How Did I Get Here? The Importance of Cosmology

I am adopted. I never had an interest in meeting my natural parents until much later in life. At first, I thought, I have parents. I don’t need more of them. But as time passed, I noticed things about me that baffled my family. There was a lot of head scratching from my parents as they got to know me. So I thought I was unique. And often enough not a good unique. A baffling, lonely unique that made me notice a small void growing in me.

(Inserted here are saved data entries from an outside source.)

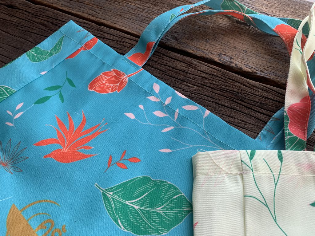 เราได้เลือกผ้าสำหรับทำกระเป๋าเป็นผ้าที่แข็งแรง การตัดเย็บที่ทนทาน และได้พิมพ์กราฟฟิกลงบนเนื้อผ้าสีสันสดใส ทั้งใบ มี 2 สี 2 แบบ เหมาะกับทุกโอกาส
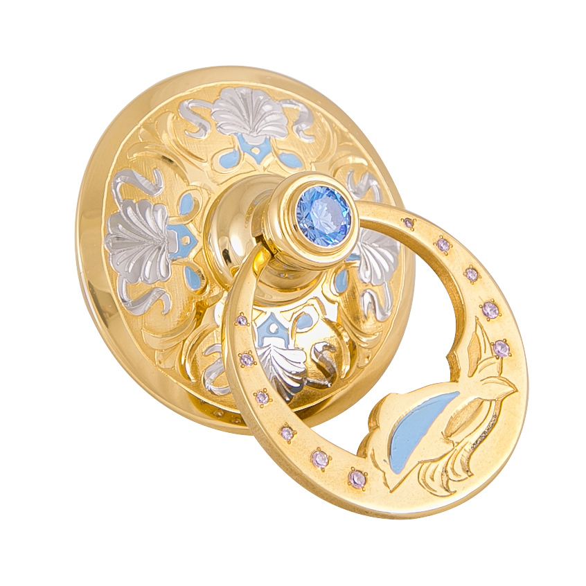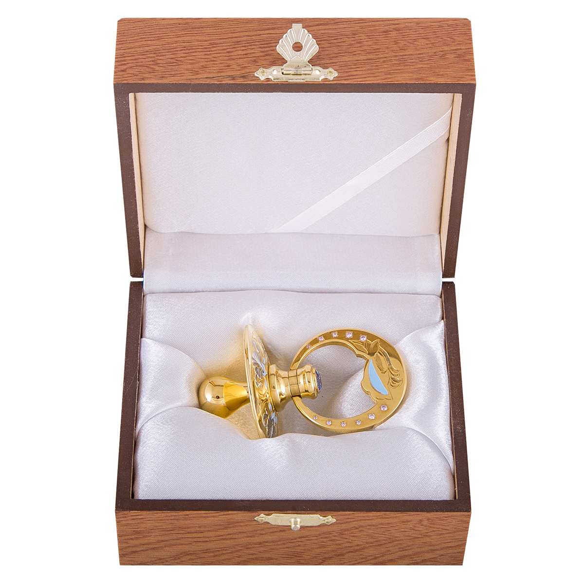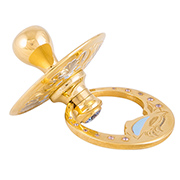 Необыкновенный подарок на рождение малыша. Покрытая золотом и украшенная фианитами пустышка – элитный сувенир на долгие года и память о таинстве рождения нового члена семьи. Это эксклюзивный подарок для мальчика, выполненный искусными мастерами вручную. Неповторимость работе придает причудливая рисовка на металле голубым цветом.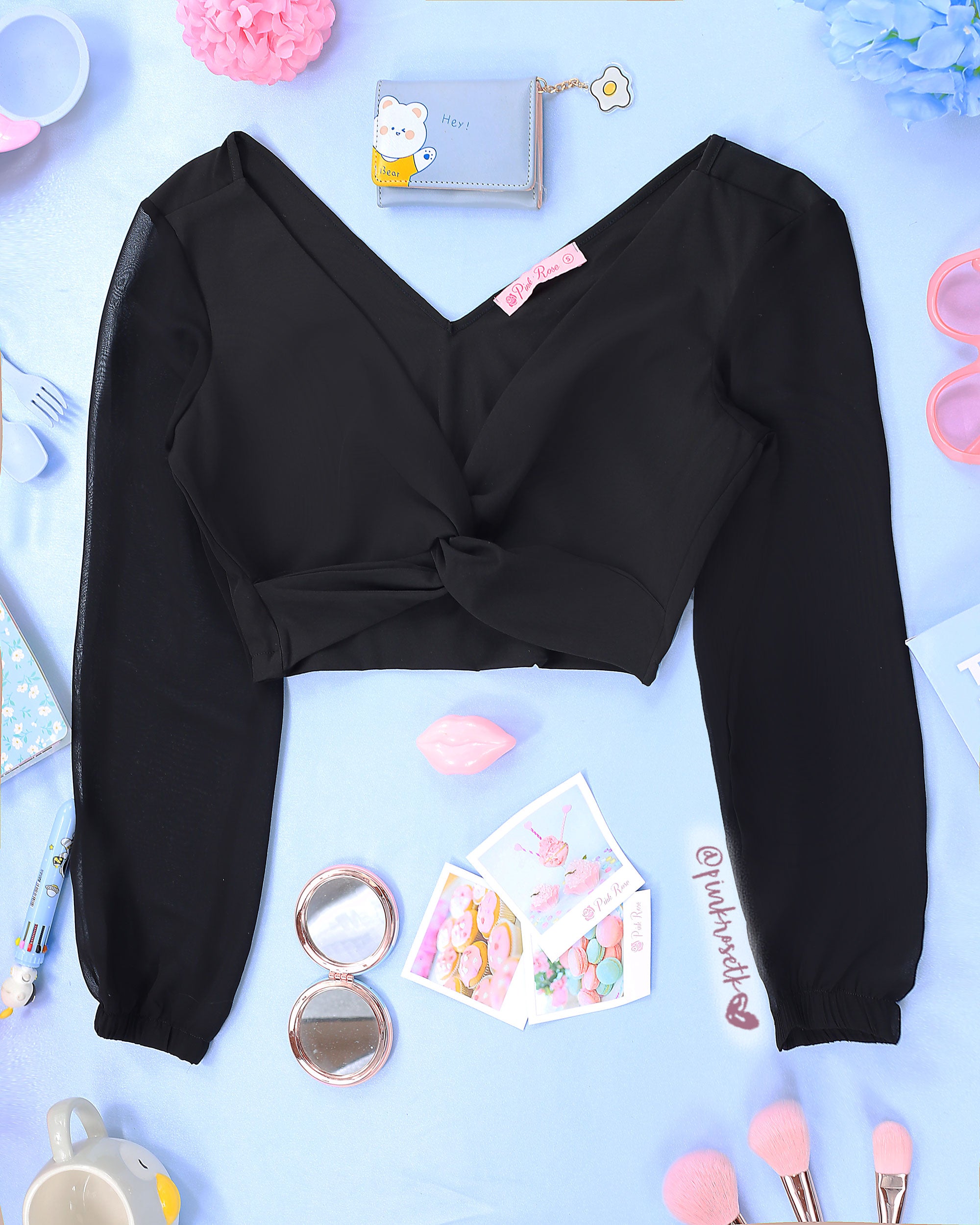Blusa corta negra con nudo en la cintura y manga larga de velo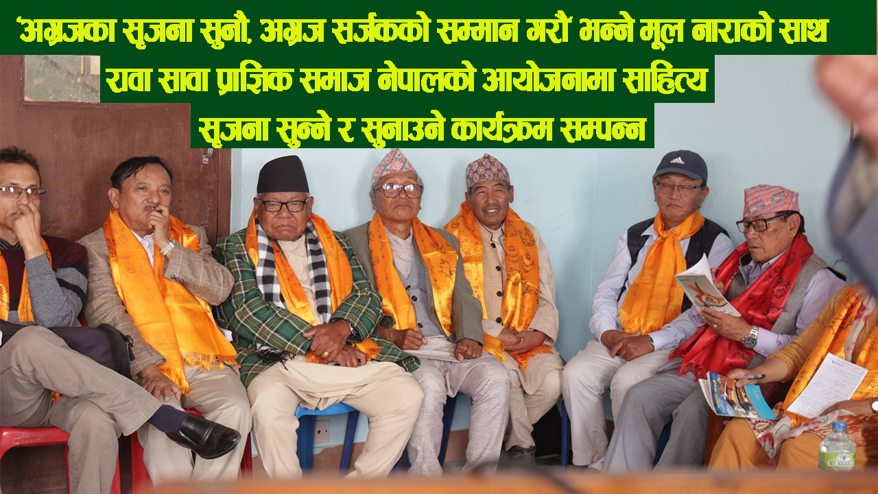 ईन्द्र जिजीबिषा / काठमाडौ – “अग्रजका सृजना सुनौ, अग्रज सर्जकको सम्मान गरौ” भन्ने मूल नाराको साथ रावा सावा प्राज्ञिक समाज नेपालको आयोजनामा साहित्य सृजना सुन्ने र सुनाउने कार्यक्रम सम्पन्न भएको छ । कोटेश्वर स्थित ग्रामर कलेजको हलमा सम्पन्न कार्यक्रममा १४ जना भन्दा बढी अग्रज सर्जकहरुले आ-आफ्ना सृजनाहरु सुनाएका थिए ।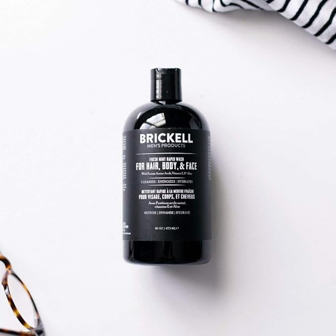 Brickell Men's Rapid Wash, Natural and Organic 3 in 1 Body Wash Gel for Men, 16 Ounce, Fresh Mint Scent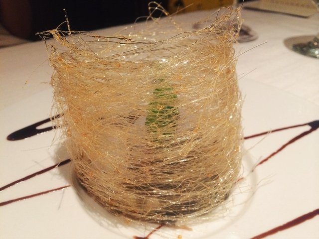 芝麻冰淇淋佐椰香奶酪,芝麻冰淇淋很少见,外层的糖丝摆盘也好美腻~妹纸为了让大家尽情拍照,冰淇淋都融化了呢,赞一下。
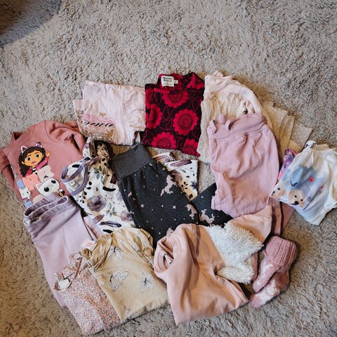 Myydään hyväkuntoinen, ehjä ja siisti vaatepaketti koossa 86/92/98 cm. Vaatteet ovat olleet meillä pitkäikäisiä ja ne on otettu käyttöön lähellä 86 kokoa ja menneet lähes tuonne 98 kokoon saakka. Paketissa on ihanan pehmeät joustocollegepaita ja -housut LillaLumin Salome-jc:stä sekä yhteensopivat ribbilegginsit.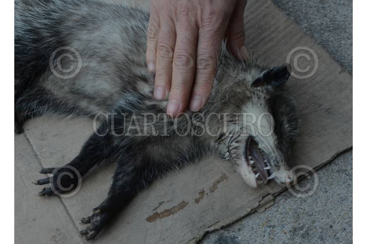 CIUDAD DE MÉXICO, 03DICIEMBRE2019.- Un tlacuache murió atropellado en avenida Juárez y Reforma, la gente que observó los hechos trataron de reanimarlo sin conseguirlo. FOTO: ARMANDO MONROY /CUARTOSCURO.COM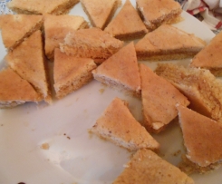 Nach dem Backen die Springform aus dem Ofen nehmen und sofort in Dreiecke schneiden! Wer möchte kann auch Würfel draus machen! Die runde Springform eignet sich aber gut für Dreiecke!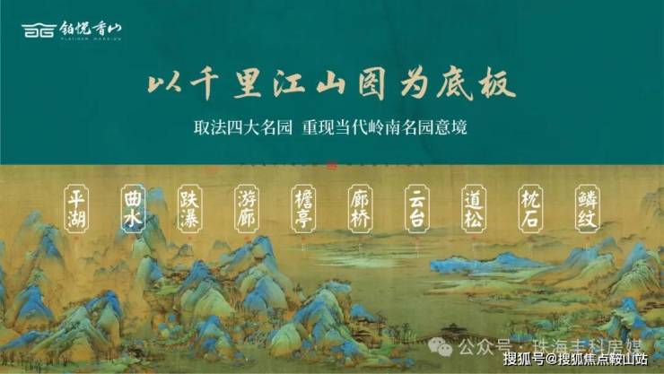 园林设计以《千里江山图》为灵感蓝本,巧妙融合岭南四大名园精髓,复刻佛山梁园"半边亭"。通过"漫卷云章"、"金水澜庭"、"琉璃水院"三进式景观轴线,呈现移步换景的东方美学。
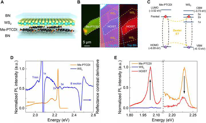 Two-dimensional (2D) materials offer strong light-matter interaction and design flexibility beyond bulk semiconductors, but an intrinsic limit is the low absorption imposed by the atomic thickness. A long-sought-after goal is to achieve complementary absorption enhancement through energy transfer (ET) to break this limit. However, it is found challenging due to the competing charge transfer (CT) process and lack of resonance in exciton states. Here, we report highly efficient ET in a 2D hybrid organic-inorganic heterostructure (HOIST) of Me-PTCDI/WS2. Resonant ET is observed leading to enhanced WS2 photoluminescence (PL) by 124 times. We identify Dexter exchange between the Frenkel state in donor and an excited 2s state in acceptor as the main ET mechanism, as supported by density functional theory calculations. We further demonstrate ET-enhanced phototransistor devices with enhanced responsivity by nearly 1000 times without sacrificing the response time. Our results expand the understanding of interlayer relaxation processes in 2D materials and open opportunities in optoelectronic devices.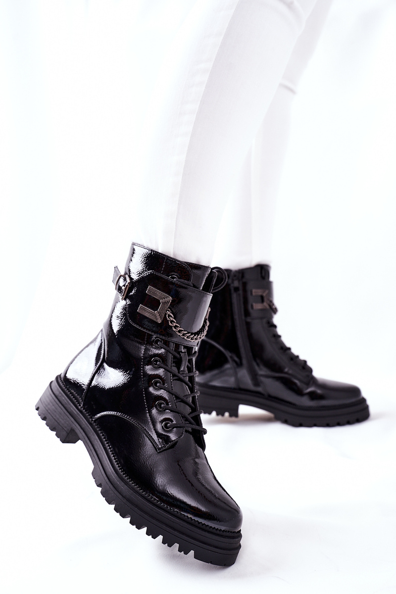 Workery to nieodłączny element jesienno-zimowych stylizacji. Botki wykonane z lakierowanej skóry ekologicznej, która wpisze się w każdy trend mody. Zakładanie ułatwi wszyty na boku suwak, natomiast dobre dopasowanie zapewni klasyczne sznurowanie. Wnętrze ocieplone ciepłym i miłym w dotyku futerkiem. Przy wyborze rozmiaru prosimy sugerować się tabelą rozmiarów.
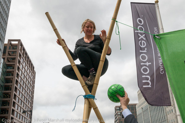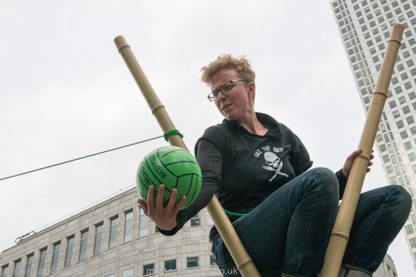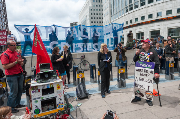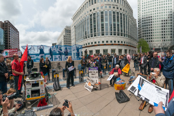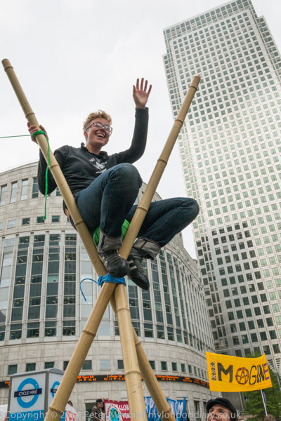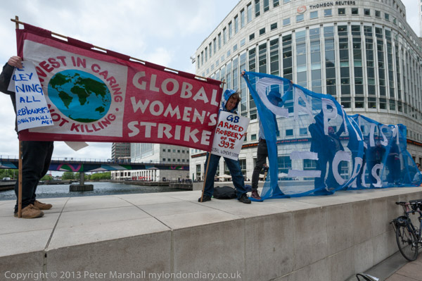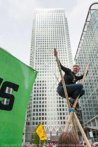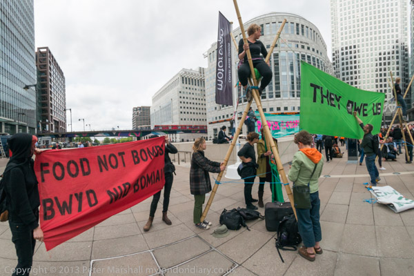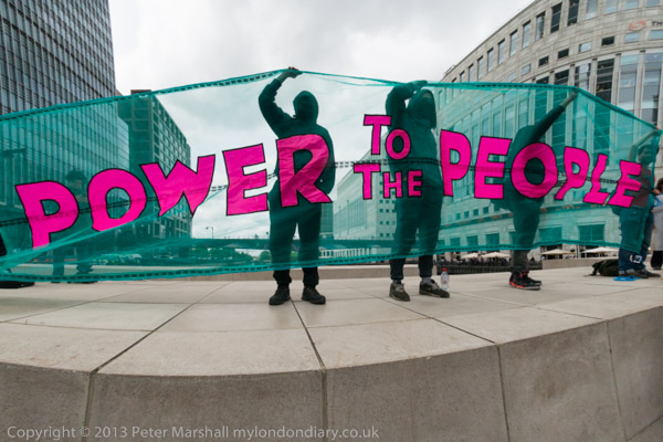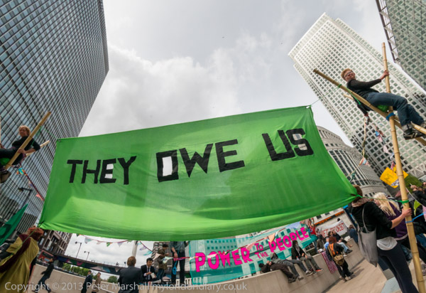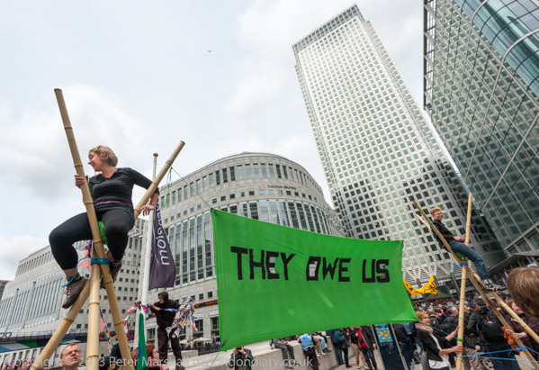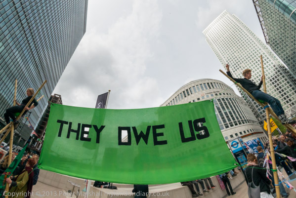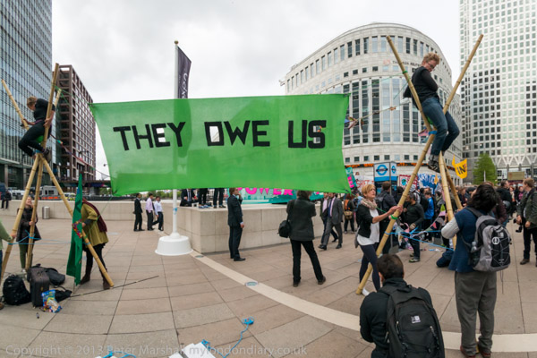 The tripods with the main banner - 'They Owe Us' and Canary Wharf tower

Meeting my natural mother explained me and it filled that particular void. My first conversation on the phone with her, she asked me if I believed in nature or nurture. I said nurture. She agreed. And we are spending the subsequent years proving ourselves wrong. My physical make up: identical to her. My taste in food, men, clothes, etc: like twins. There’s a man out there who likely explains the unexplained parts, but overall, I feel pretty sated. Not because I met my natural mother and she explained me, but that I met her and realized I didn’t need explaining. After my time with her, and all subsequent conversations, I get that warm, fuzzy feeling seeing me as a reflection of her and it has freed me to see me as a reflection of my adoptive mother, my adoptive father, and inevitably in everyone I meet, everyone who teaches me and everyone who learns from me. My reflection is in everyone I touch.

Well, how did I get here?
Well, how did I get here?

I think the same evolution of thought happens to us about our belief system and our creation story. The mere curiosity of cosmology feeds a very deep-seated hunger for a very specific validation. Not information, or at least not just information. Validation. We want to know we aren’t unique -baffling, lonely unique. Every creation myth gives us this. We have a common mother. We have a watchmaker of our inner wheels, cogs and coils. Even in the atheistic cosmology, we have a common mutation – in fact, every breathing being shares the same pool of origin. Some need sentience with their evolution so they believe we have a common Thing that made the mutation happen out of a desire for us to exist. But in the end, we all want to know the Beginning to boost our morale about the Present. God made us in His image? I think that belief truly hits the core of why so many of us believe it.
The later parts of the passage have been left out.